TL;DR
Negative SEO refers to malicious tactics aimed at hurting a competitor’s search rankings, including building spammy backlinks to their site, scraping and duplicating their content, fake reviews, and hacking attempts. While Google claims their algorithms largely ignore low-quality links rather than penalize for them, attacks can still cause damage, especially to smaller sites. Protection requires: monitoring your backlink profile regularly, setting up alerts for suspicious activity, having a disavow file ready, and documenting everything. Most negative SEO attempts fail, but vigilance prevents the rare successful attack from going unnoticed.
Do This Today (3 Quick Checks)
- Check for sudden backlink spikes: In Ahrefs, Semrush, or GSC Links report, look for unusual increases in referring domains. Sudden jumps from 100 to 10,000 links warrant investigation.
- Search for scraped content: Take a unique sentence from your best content and search it in quotes. If it appears on other sites verbatim, your content may be scraped and duplicated.
- Set up GSC email alerts: Ensure Search Console notifications are enabled. Google will alert you to security issues, manual actions, and significant problems.
Backlink Monitoring Alert Setup
Ahrefs alerts:
- Go to Alerts → Backlinks
- Add your domain
- Set to “New backlinks” and “Lost backlinks”
- Choose frequency (daily for active monitoring, weekly for maintenance)
- Set threshold alerts for unusual spikes
Semrush alerts:
- Go to Backlink Audit → Settings
- Enable email notifications
- Set up for new toxic backlinks detected
- Configure weekly or daily reports
Free alternative (GSC):
- Check GSC → Links → External links monthly
- Export and compare to previous month
- Investigate significant increases
What to watch for:
- Sudden spike in referring domains (10x+ normal)
- New links from foreign language spam sites
- Anchor text changes (gambling, pharma, adult terms appearing)
- Links from obvious link farms or PBNs
DMCA Takedown Process for Scraped Content
If your content is copied without permission:
Step 1: Document the infringement
- Screenshot the copied content with URL and date
- Note what was copied (full article, sections, images)

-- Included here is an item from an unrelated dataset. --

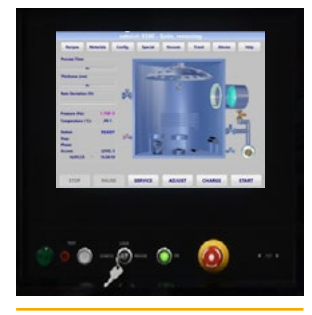
User-friendly HMI software.

- Save your original with publication date proof
Step 2: Contact the site owner
- Find contact info (whois, contact page)

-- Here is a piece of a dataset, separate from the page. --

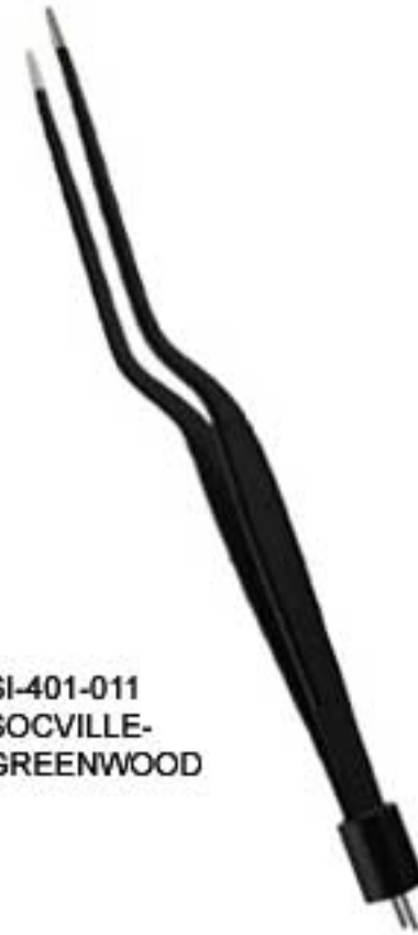
SI-401-011 SOCVILLE- GREENWOOD

- Send formal takedown request
- Give 48-72 hours to respond
Step 3: File DMCA with Google
- Go to: https://support.google.com/legal/troubleshooter/1114905
- Select “Web Search” and “Copyright”
- Submit detailed report with:
- Your original URL
- Infringing URL
- Description of copied content
- Statement of ownership
Step 4: File DMCA with hosting provider
- Use whois to find hosting company
- Most hosts have DMCA reporting process
- They may remove content directly
Timeline: Google typically processes DMCA requests within 1-2 weeks. Hosting providers vary.
Fake Review Removal Process
Google Business Profile fake reviews:
- Go to your GBP dashboard
- Find the fake review
- Click three dots → “Flag as inappropriate”
- Select reason (spam, fake, conflict of interest)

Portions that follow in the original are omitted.